Goal of the exercise => Collect each line of the records containing the string "fomos".

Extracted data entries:
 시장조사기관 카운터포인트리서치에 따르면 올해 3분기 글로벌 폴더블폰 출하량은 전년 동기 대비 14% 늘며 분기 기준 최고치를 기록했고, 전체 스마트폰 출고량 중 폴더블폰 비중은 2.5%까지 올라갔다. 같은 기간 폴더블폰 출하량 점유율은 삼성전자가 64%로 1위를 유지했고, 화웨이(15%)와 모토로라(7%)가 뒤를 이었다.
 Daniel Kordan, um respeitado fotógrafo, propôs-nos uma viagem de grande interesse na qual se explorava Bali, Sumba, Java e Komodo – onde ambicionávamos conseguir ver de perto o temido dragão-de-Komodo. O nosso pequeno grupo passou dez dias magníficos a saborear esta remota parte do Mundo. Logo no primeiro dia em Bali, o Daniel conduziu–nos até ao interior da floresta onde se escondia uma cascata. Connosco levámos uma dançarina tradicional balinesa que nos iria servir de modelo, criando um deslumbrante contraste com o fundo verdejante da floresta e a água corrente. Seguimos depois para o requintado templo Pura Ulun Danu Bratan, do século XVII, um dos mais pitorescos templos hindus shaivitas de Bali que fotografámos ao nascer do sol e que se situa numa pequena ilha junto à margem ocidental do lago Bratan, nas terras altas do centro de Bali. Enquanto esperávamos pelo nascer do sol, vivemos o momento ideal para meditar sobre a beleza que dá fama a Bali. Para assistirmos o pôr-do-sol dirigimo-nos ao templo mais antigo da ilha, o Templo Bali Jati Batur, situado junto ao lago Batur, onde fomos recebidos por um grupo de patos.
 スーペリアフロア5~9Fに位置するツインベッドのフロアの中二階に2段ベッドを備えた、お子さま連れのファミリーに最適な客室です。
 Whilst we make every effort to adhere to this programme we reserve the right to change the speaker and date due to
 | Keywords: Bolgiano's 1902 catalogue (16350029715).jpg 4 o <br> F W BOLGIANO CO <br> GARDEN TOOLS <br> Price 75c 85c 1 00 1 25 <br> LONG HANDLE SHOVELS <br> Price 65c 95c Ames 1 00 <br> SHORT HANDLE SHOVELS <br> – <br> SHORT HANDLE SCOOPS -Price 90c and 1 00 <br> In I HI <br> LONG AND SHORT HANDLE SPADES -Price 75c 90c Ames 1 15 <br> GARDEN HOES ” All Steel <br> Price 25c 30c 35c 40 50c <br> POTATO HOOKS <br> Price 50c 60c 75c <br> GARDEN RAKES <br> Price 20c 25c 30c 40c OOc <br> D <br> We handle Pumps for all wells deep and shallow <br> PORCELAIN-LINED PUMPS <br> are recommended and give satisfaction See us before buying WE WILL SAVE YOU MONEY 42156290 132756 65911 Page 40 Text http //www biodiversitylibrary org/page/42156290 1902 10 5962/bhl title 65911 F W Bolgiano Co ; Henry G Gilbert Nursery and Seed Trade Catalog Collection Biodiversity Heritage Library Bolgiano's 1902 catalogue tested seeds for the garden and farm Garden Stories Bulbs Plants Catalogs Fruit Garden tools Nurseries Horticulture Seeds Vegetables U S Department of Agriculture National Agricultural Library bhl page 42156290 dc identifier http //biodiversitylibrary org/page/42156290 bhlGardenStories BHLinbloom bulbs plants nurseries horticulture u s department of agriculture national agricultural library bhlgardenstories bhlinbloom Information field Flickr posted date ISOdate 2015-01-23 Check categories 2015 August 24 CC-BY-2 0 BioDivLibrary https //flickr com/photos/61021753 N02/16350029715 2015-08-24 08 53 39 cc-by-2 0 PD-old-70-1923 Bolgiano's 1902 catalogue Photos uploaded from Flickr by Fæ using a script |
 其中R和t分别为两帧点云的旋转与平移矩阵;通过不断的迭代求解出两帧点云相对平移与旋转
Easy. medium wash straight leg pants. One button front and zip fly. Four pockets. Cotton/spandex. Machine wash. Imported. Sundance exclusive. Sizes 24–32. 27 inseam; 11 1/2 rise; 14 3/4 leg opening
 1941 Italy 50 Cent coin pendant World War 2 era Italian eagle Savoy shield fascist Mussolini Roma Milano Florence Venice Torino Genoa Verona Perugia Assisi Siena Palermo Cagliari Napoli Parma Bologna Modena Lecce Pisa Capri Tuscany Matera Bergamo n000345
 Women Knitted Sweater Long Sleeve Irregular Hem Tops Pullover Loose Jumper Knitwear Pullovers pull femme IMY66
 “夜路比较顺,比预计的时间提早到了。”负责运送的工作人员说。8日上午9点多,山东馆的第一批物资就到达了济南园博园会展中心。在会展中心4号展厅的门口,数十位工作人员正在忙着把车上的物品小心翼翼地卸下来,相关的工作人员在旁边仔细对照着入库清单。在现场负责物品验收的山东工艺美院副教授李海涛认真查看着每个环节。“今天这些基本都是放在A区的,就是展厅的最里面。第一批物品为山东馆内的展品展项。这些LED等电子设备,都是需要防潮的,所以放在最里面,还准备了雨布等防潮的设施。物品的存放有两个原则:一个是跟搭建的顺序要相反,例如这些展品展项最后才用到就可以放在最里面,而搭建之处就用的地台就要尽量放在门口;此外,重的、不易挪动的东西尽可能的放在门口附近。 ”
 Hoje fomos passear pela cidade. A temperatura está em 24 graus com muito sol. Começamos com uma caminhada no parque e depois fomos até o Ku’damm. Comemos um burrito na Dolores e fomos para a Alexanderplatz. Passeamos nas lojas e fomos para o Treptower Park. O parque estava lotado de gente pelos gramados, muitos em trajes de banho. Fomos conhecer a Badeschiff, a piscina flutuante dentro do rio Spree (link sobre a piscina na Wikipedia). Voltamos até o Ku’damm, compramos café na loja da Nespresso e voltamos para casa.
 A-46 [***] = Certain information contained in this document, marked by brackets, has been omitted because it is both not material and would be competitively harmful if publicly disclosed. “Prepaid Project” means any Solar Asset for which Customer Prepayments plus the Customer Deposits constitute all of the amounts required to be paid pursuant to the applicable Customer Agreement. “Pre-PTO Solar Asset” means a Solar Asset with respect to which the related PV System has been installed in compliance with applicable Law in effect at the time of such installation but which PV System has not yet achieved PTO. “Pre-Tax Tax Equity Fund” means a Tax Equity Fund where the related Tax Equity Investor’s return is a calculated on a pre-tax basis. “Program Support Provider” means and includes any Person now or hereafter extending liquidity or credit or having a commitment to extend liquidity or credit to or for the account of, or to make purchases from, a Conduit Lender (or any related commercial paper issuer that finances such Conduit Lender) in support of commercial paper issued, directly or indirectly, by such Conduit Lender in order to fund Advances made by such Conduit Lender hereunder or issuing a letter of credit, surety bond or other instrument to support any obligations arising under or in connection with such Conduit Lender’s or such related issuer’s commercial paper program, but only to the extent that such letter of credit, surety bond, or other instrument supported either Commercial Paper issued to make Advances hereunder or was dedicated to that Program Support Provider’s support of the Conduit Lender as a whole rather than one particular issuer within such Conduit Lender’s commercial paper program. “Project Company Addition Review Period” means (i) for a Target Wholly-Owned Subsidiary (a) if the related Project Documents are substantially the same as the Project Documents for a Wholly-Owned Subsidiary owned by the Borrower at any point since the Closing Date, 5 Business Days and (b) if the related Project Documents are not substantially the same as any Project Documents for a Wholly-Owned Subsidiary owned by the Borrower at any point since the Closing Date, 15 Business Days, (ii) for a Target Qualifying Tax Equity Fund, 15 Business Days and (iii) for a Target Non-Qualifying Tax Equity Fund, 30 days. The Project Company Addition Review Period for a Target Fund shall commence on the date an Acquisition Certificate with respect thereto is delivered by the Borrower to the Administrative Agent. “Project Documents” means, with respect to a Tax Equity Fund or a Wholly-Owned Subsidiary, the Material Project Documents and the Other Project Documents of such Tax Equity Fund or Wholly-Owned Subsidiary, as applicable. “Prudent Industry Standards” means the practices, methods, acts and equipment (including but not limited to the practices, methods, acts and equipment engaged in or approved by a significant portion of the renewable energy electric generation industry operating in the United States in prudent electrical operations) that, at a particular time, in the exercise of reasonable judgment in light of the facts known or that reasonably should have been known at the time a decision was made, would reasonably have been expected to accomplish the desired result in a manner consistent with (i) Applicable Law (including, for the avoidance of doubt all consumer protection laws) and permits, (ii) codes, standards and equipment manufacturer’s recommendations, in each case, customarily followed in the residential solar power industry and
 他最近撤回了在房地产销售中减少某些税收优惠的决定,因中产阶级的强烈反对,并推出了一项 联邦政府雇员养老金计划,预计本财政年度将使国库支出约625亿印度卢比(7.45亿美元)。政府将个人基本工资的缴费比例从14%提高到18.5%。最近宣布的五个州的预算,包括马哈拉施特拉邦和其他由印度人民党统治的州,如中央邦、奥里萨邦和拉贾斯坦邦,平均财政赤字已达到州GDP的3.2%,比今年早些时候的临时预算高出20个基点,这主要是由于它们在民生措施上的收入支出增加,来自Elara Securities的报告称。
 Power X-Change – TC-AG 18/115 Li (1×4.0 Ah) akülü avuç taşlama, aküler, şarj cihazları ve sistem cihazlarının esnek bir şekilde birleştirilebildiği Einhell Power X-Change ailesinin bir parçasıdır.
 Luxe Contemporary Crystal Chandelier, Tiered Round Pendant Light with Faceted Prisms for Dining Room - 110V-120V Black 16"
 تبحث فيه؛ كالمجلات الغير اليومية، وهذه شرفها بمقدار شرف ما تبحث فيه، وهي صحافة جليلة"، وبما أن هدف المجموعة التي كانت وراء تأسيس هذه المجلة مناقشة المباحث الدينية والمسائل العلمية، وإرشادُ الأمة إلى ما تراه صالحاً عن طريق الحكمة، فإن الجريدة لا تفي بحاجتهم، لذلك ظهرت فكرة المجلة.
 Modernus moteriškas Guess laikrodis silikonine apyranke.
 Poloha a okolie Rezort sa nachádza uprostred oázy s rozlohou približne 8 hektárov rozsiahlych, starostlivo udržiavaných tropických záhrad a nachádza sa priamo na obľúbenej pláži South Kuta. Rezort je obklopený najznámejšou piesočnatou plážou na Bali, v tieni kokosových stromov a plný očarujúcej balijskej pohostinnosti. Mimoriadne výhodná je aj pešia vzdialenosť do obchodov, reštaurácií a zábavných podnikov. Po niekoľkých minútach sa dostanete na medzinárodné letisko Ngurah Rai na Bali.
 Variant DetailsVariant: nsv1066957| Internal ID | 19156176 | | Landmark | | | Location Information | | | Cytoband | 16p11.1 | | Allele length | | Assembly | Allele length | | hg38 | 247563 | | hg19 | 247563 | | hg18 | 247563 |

Exercise response =>
 Daniel Kordan, um respeitado fotógrafo, propôs-nos uma viagem de grande interesse na qual se explorava Bali, Sumba, Java e Komodo – onde ambicionávamos conseguir ver de perto o temido dragão-de-Komodo. O nosso pequeno grupo passou dez dias magníficos a saborear esta remota parte do Mundo. Logo no primeiro dia em Bali, o Daniel conduziu–nos até ao interior da floresta onde se escondia uma cascata. Connosco levámos uma dançarina tradicional balinesa que nos iria servir de modelo, criando um deslumbrante contraste com o fundo verdejante da floresta e a água corrente. Seguimos depois para o requintado templo Pura Ulun Danu Bratan, do século XVII, um dos mais pitorescos templos hindus shaivitas de Bali que fotografámos ao nascer do sol e que se situa numa pequena ilha junto à margem ocidental do lago Bratan, nas terras altas do centro de Bali. Enquanto esperávamos pelo nascer do sol, vivemos o momento ideal para meditar sobre a beleza que dá fama a Bali. Para assistirmos o pôr-do-sol dirigimo-nos ao templo mais antigo da ilha, o Templo Bali Jati Batur, situado junto ao lago Batur, onde fomos recebidos por um grupo de patos.
 Hoje fomos passear pela cidade. A temperatura está em 24 graus com muito sol. Começamos com uma caminhada no parque e depois fomos até o Ku’damm. Comemos um burrito na Dolores e fomos para a Alexanderplatz. Passeamos nas lojas e fomos para o Treptower Park. O parque estava lotado de gente pelos gramados, muitos em trajes de banho. Fomos conhecer a Badeschiff, a piscina flutuante dentro do rio Spree (link sobre a piscina na Wikipedia). Voltamos até o Ku’damm, compramos café na loja da Nespresso e voltamos para casa.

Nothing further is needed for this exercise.